FD&CA §520(b) [21 USC 360j: General provisions respecting control of devices intended for human use] has the following general provisions.

A custom device:

  1. is created or modified in order to comply with the order of an individual physician or dentist (or any other specially qualified person designated under regulations promulgated by the Secretary after an opportunity for an oral hearing);
  2. in order to comply with an order described in subparagraph (A), necessarily deviates from an otherwise applicable performance standard under section 360d of this title or requirement under section 360e of this title;
  3. is not generally available in the United States in finished form through labeling or advertising by the manufacturer, importer, or distributor for commercial distribution;
  4. is designed to treat a unique pathology or physiological condition that no other device is domestically available to treat;

  5. (i) is intended to meet the special needs of such physician or dentist (or other specially qualified person so designated) in the course of the professional practice of such physician or dentist (or other specially qualified person so designated); or

    (ii) is intended for use by an individual patient named in such order of such physician or dentist (or other specially qualified person so designated);

  6. is assembled from components or manufactured and finished on a case-by-case basis to accommodate the unique needs of individuals described in clause (i) or (ii) of subparagraph (E); and
  7. may have common, standardized design characteristics, chemical and material compositions, and manufacturing processes as commercially distributed devices.

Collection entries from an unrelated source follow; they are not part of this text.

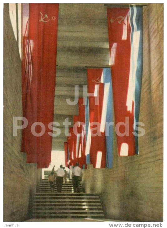Gallery - Flags of Soviet Republics - Salaspils Memorial Ensemble - old postcard - Latvia USSR - unused
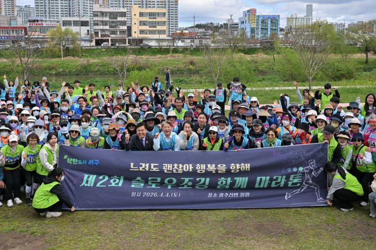 김이강 광주 서구청장이 4일 광주천변 일원에서 '느려도 괜찮아, 행복을 향해 함께 걸어요' 주제로 열린 '제2회 슬로우조깅 함께 마라톤'에서 슬로우조깅단, 서구민 등 참석자들과 기념 촬영을 하고 있다.
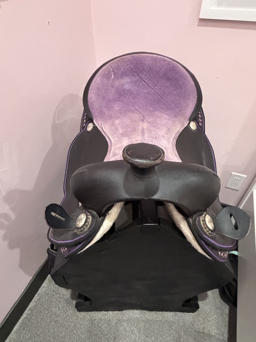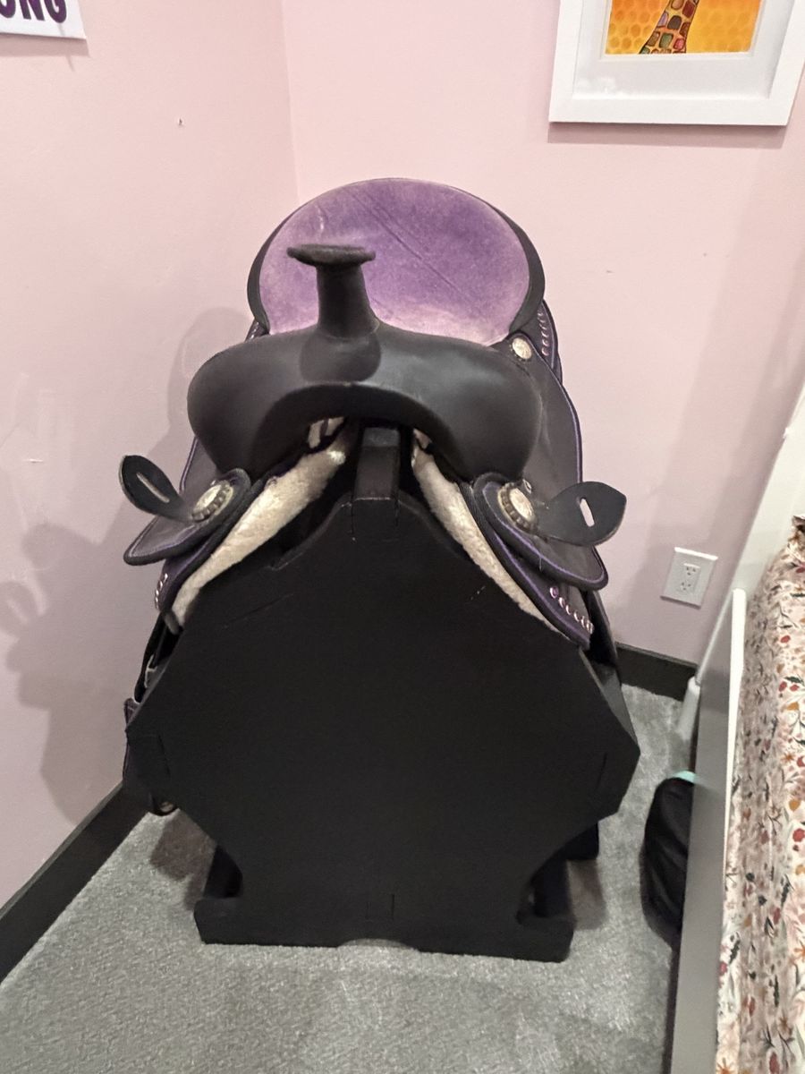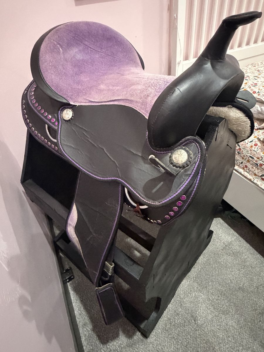 ApplePayDecorative purple saddle with rhinestones and black wood saddle stand. Both on good condition
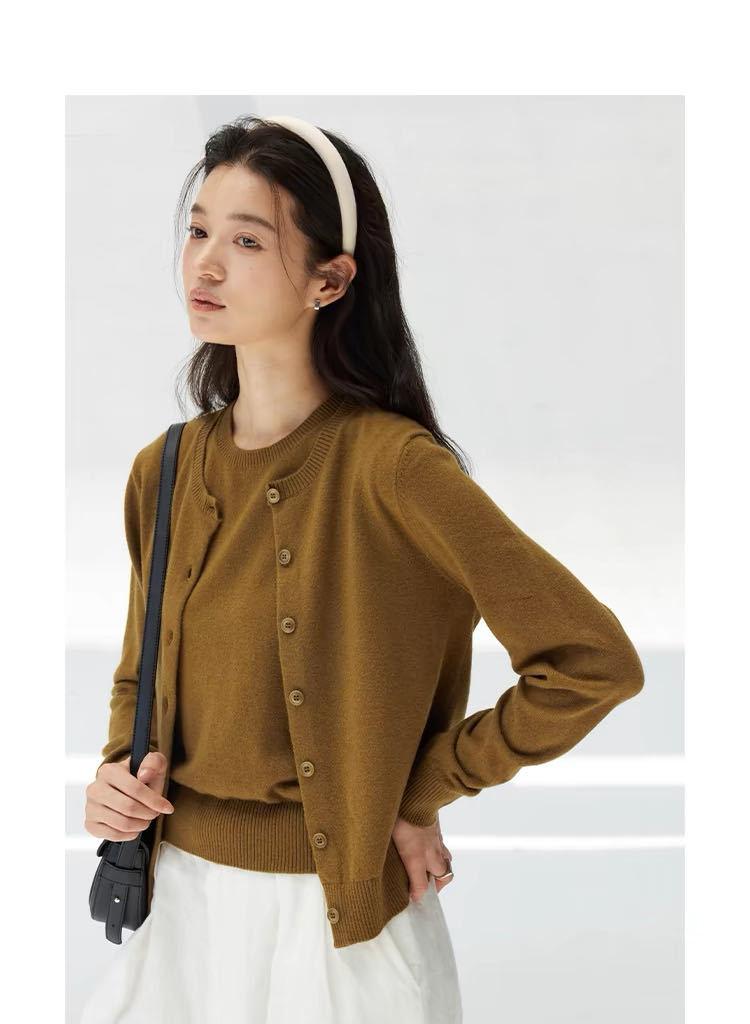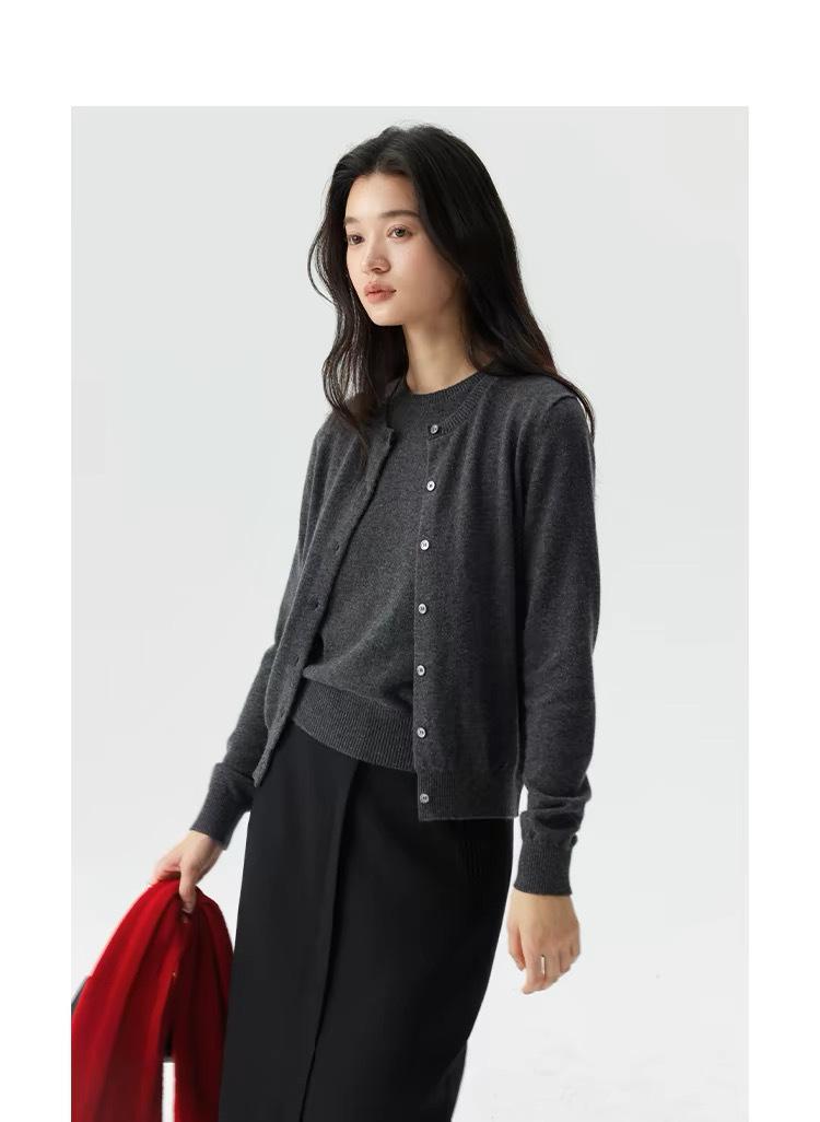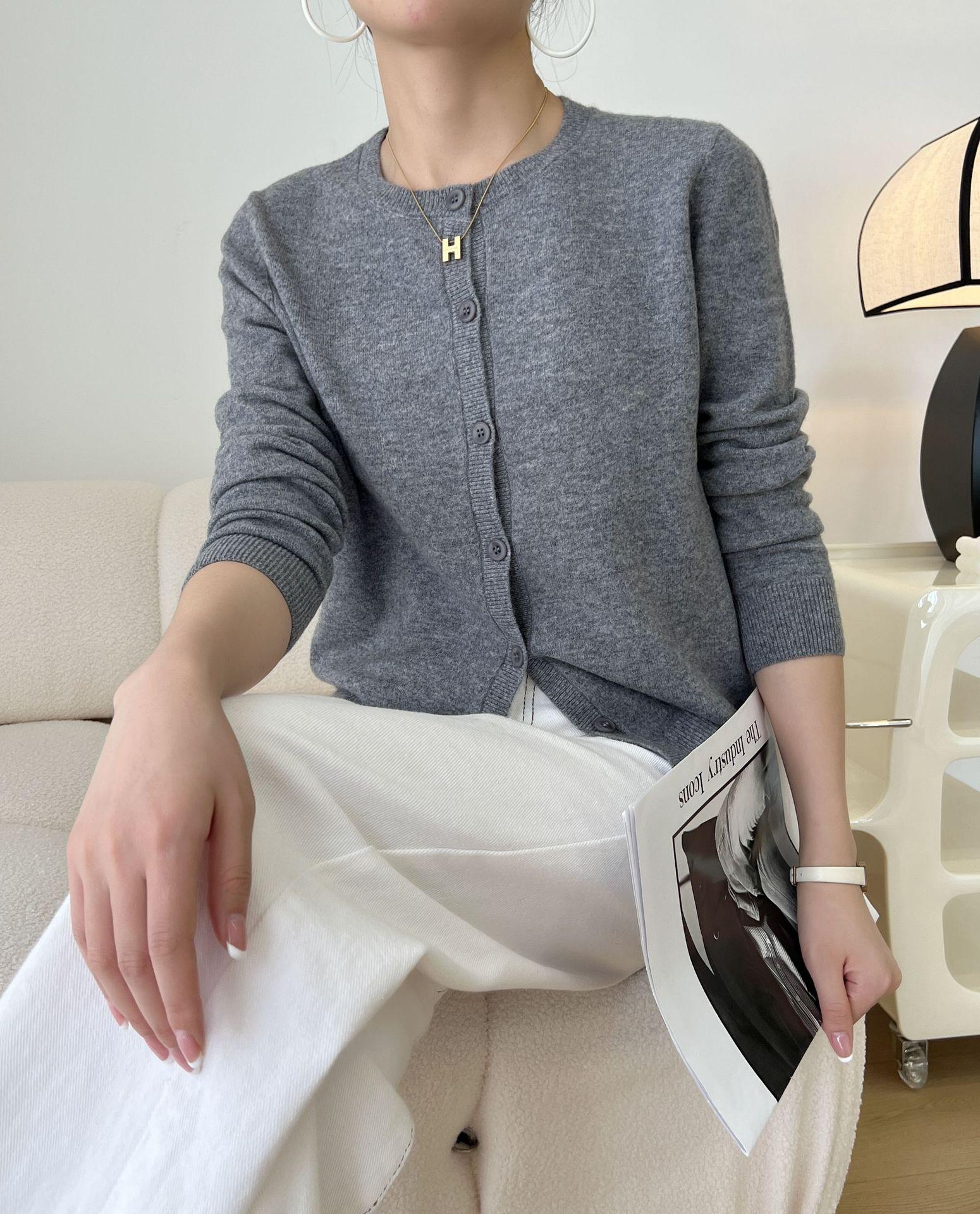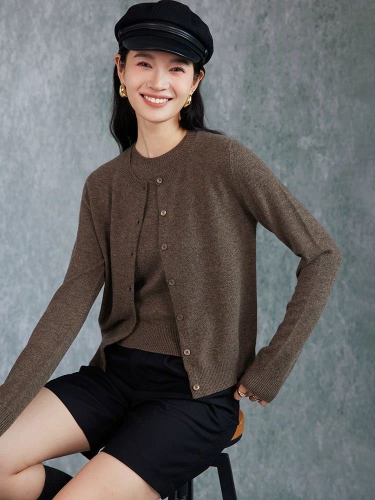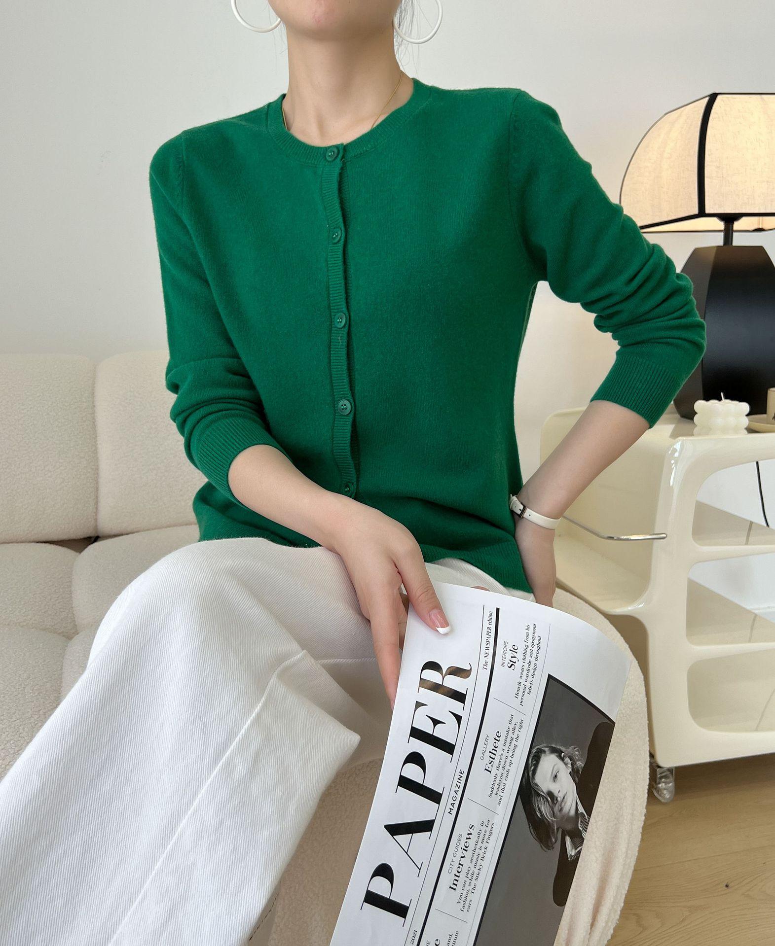 Cárdigan de cuello redondo para dama, material 100% lana, engrosado, tacto cashmere, galga 12 de conteo 26, enlazado a mano, alta densidad, bienvenidos comerciantes de todos los canales para discutir cooperación, con una gran cantidad de stock

There are also limitations:

  1. such device is for the purpose of treating a sufficiently rare condition, such that conducting clinical investigations on such device would be impractical;
  2. production of such device under paragraph (1) is limited to no more than 5 units per year of a particular device type, provided that such replication otherwise complies with this section; and
  3. the manufacturer of such device notifies the Secretary on an annual basis, in a manner prescribed by the Secretary, of the manufacture of such device.

On September 24, 2014, FDA-CDRH issued the guidance document Custom Device Exemption.